Access pioneer Paul Adorian publishes memoir
By Murray Pollok19 January 2023
Paul Adorian, one of the founders of IPAF and an early pioneer of access, has written an engaging memoir of his days in the industry. Murray Pollok reports.
It’s not every business book that admits to a ‘financially crippling business failure’ on its first page, but Paul Adorian’s candour is in evidence throughout his newly published memoir.
That inauspicious first experience – never repeated - didn’t stop him from forging a successful and prolonged career in powered access, the details of which are described in his lively and aptly titled Don’t look Down!
Covering his pivotal early involvement in introducing MEWPs to the UK’s plant hire industry to his central involvement in the creation of IPAF and the promotion of access worldwide, the book is the perfect primer for anyone interested in the origins of the present-day industry and in particular how access became a mainstay of the rental industry worldwide.
In truth, Paul could be said to have been an instigator of much that has happened in the industry over the past 50 years: the idea that aerials were the perfect rental product; the need for the industry to act together in areas such as standards and training; and the continual effort to promote safe working at height.
There was something of chance in his early involvement in the industry. He was aware of hydraulic platforms – as they were then called – as early as the 1950s, when his father had used them to in his job in broadcasting.
That prompted an interest in fire brigade ladders, which he then took to his first job in plant hire, with Eddison Plant Ltd near London, where, as a regional manager in 1969, he suggested the addition to the fleet of a couple of 25.9 metre Simon platforms. He subsequently moved to John Laing and its new plant hire business, Elstree Plant Ltd (EPL), where he again successfully lobbied for aerials to be added to the fleet.

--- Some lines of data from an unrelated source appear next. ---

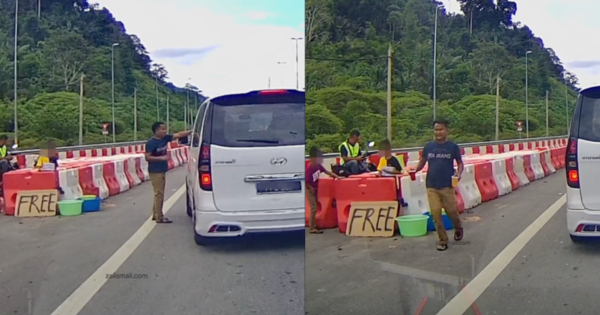 "They're so nice to do this during the traffic jam. No stalls were open on the first day of Hari Raya (Aidiladha), so they gave away free drinks," wrote the TikTok user who saw him.
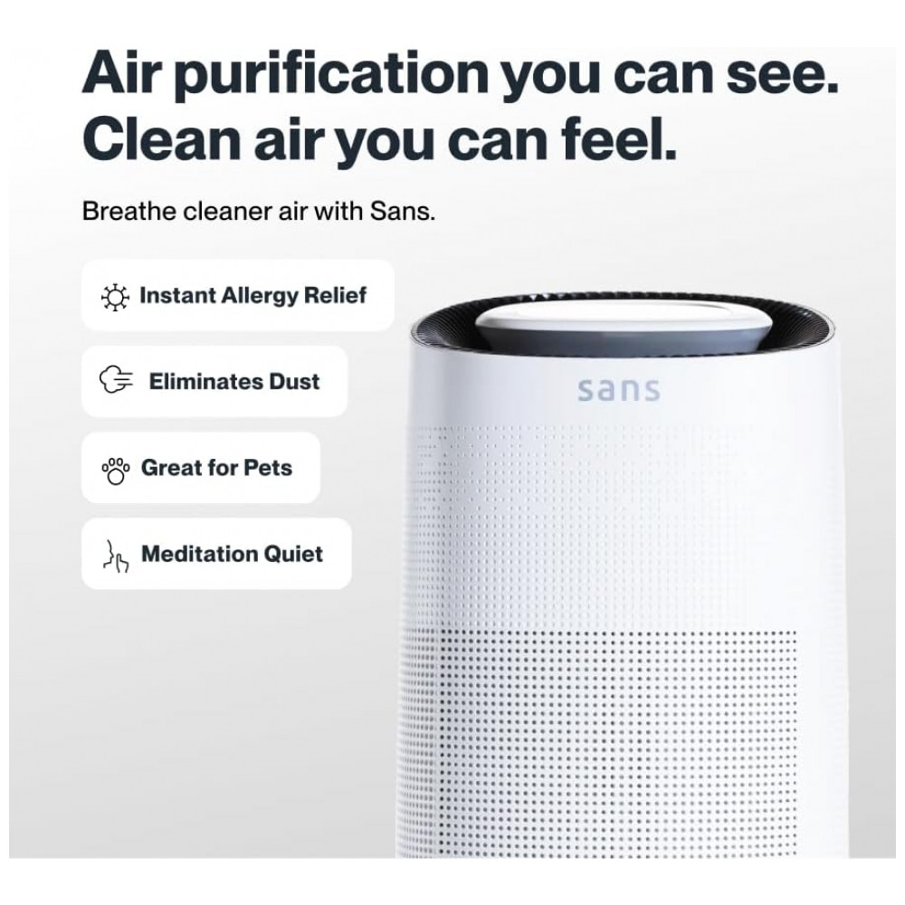 MODO AUTOMÁTICO DE QUALIDADE DO AR O modo automático monitora constantemente a qualidade do ar e ajusta a purificação de acordo. O sensor preciso de poluentes a bordo significa que o seu Sans está sempre trabalhando para você, sem a necessidade de qualquer intervenção. Verdadeiramente livre de problemas.
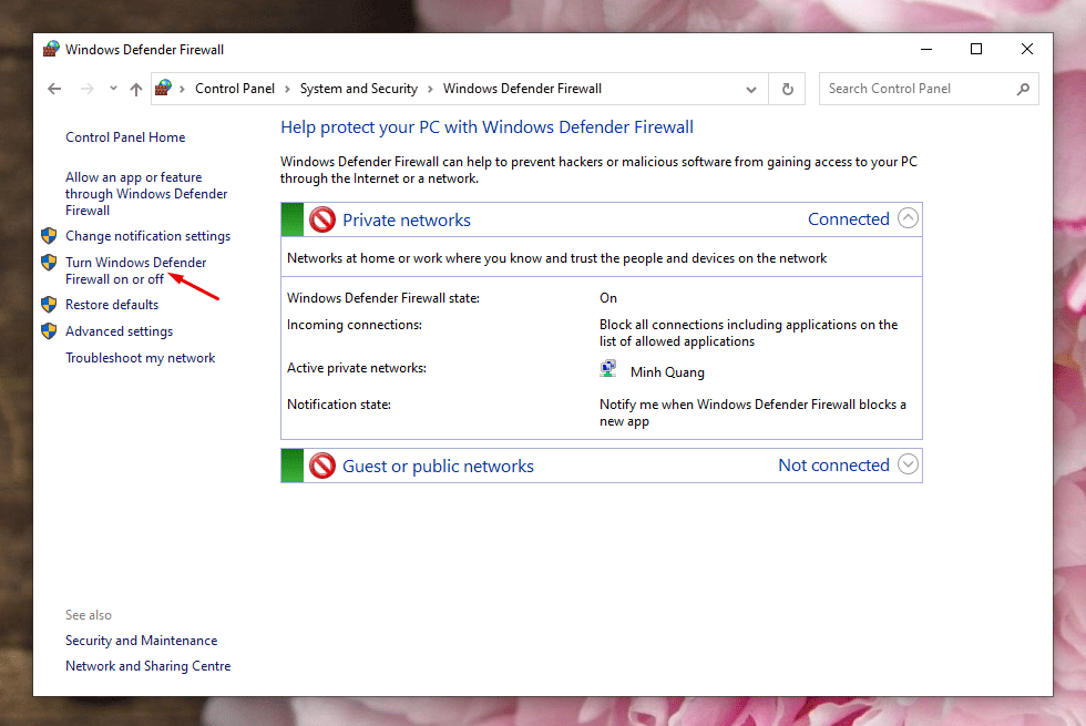 Cách tắt/bật tường lửa với Windows Defender Firewall
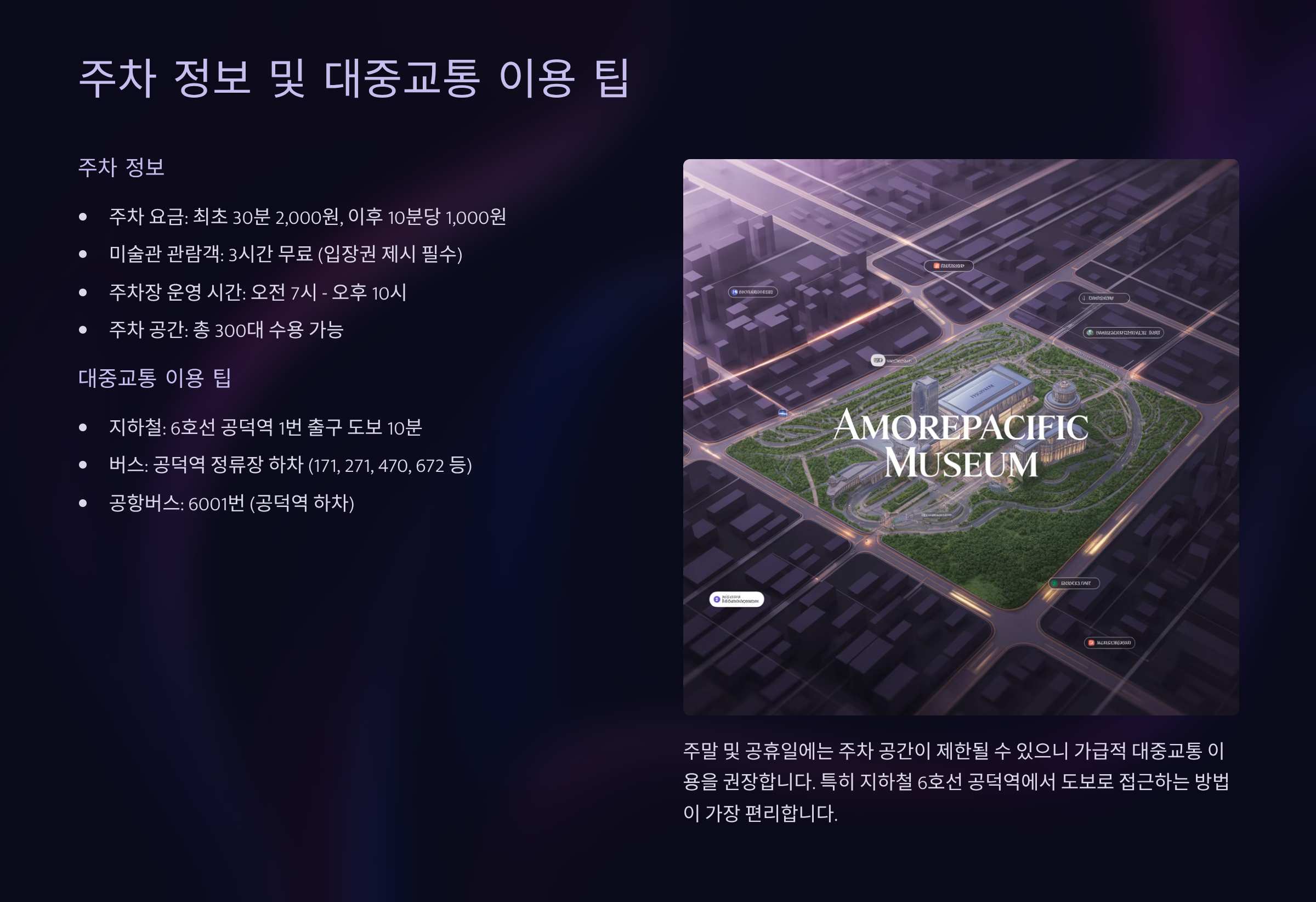 주차 정보 및 대중교통 이용 팁
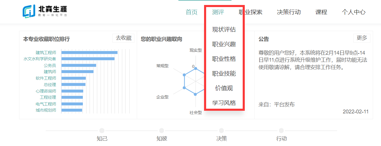 进入“生涯测评”模块,并进行测评和学习。测评完成将会获得相应的评估报告,根据报告同学们可以更加清楚的了解自我、职业以及决策行动。
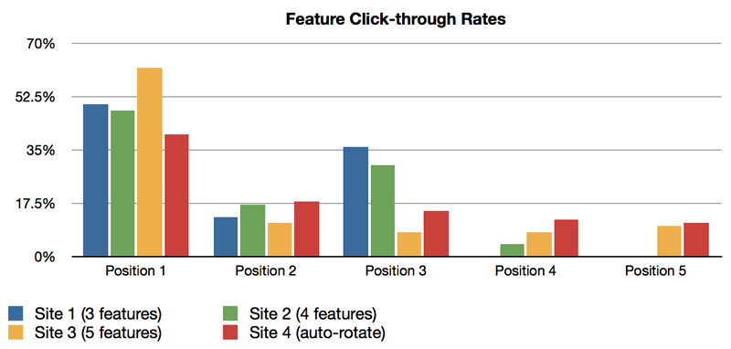 A study based on Google Analytics Event recorded the number of interactivity. The report states the percentage of visitors who clicked on a carousel feature is 1%, with the first feature getting the highest clicks or interactivity. In contrast, other features have to share the same or no interaction.
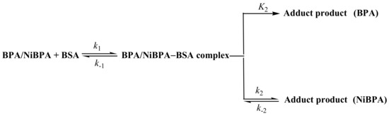 A reversible reaction with a coordination affinity of 0.69 M−1 for NiBPA was detected in the second reaction step, but an irreversible reaction with a K2 = 0.69 M−1 with BPA was observed. The second phase is primarily concerned with the BSA condensation process, in addition to the electrostatic interaction. As shown in Figure 8, the irreversibility of the second reaction step with BPA (k−2 ≈ 0) suggests that the newly formed BPA-BSA complex is kinetically more stable in solution than NiBPA-BSA.
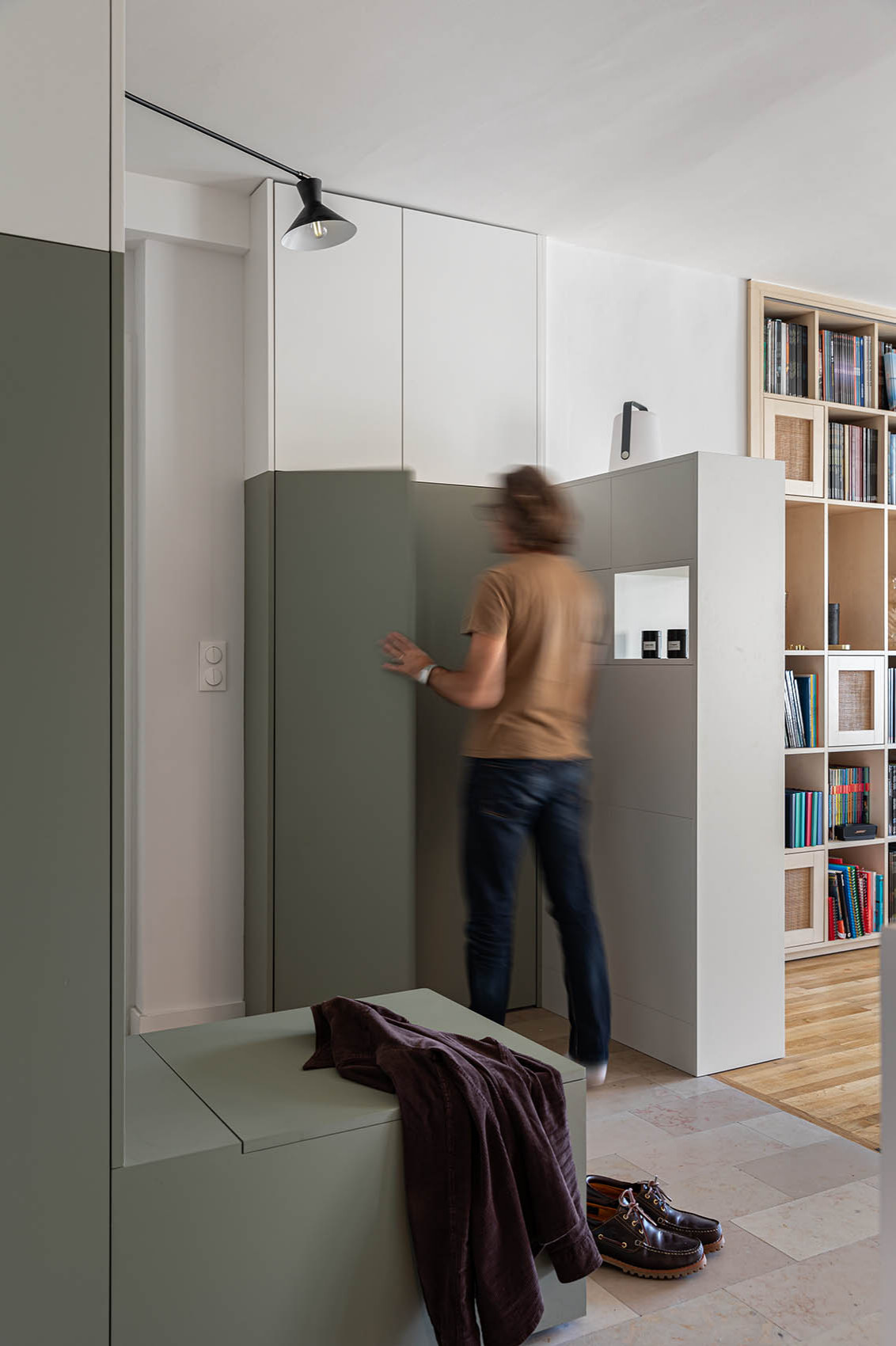 Ainsi, dans l’entrée désormais décloisonnée, une banquette-vestiaire et une bibliothèque-secrétaire créent des filtres vers la pièce de vie, tout en augmentant les différentes fonctionnalités sans attenter à la luminosité. « Aujourd’hui, il n’y a plus de pièces noires dans cet appartement », apprécie le professionnel.

He very early recognised that aerials were a singular product; “I was convinced that to succeed in the hire of aerial platforms one had to completely forget virtually all one had learnt about hiring out earthmoving equipment and cranes…Some thought they were dangerous, others that they would be unreliable. Most thought I was completely mad.”
Paul was ahead of his time in many respects. He was involved in the very early import of a 50-metre machine from Calavar in the USA, signalling an international perspective on the business well before that was common. Less well known is an early foray into mainland Europe, in Maastricht, where Paul wanted to create a joint venture with JLG founder John L Grove to acquire the MMD manufacturing business to produce self-propelled telescopic booms.
That deal fell through – “I have always looked back on this event as a terrible mistake on the part of the Dutch”, writes Paul - but John Laing and EPL still created an access rental business in the city. He reports early encounters with the owners of Ruthmann and Wumag, and Bumar in Poland.
Readers of Access International are being offered ‘Don’t Look Down!’ at the special price of £13.50, a 25% discount on the £18.00 full price. Postage will be offered at rates depending on destination. Order your copy at https://khl-infostore.com/ (search for: Don’t look down).
Those who have joined the access industry in the last 30 years will perhaps know the author best as one of the founders of the first international access organisation – the International Work Platform Association (IWPA) in 1976. By 1983 it had 70 members, and soon after it merged with the access manufacturers association to become the IPAF that we know today.
IPAF becomes international
Paul was at the helm as managing director as IPAF became a truly international body – the book provides the colour behind decisions like the creation of its US subsidiary, AWPT in 2003, and the launch of the training scheme in 1993.
The latter part of Paul’s career was occupied by his role at IPAF, consultancy work through his Paul Adorian Associates, and the EU certified body Powered Access Certification (PAC) that he acquired from IPAF. It was a source of frustration that Brexit prompted the sale of PAC in 2019. (On Brexit, he notes; “in my opinion, it could well result in a massive downturn for the already diminishing manufacturing industry within the UK.”)
Still, his position in the history of the industry is secure. As he writes, “I feel proud to have launched the IPAF training scheme back in 1993 when I realise that there are now over 600 training centres in more than 60 countries around the world.”
The first page of Don’t look down! may include that brutal admission of early failure, but the following 164 are testament to his success in almost every other endeavour.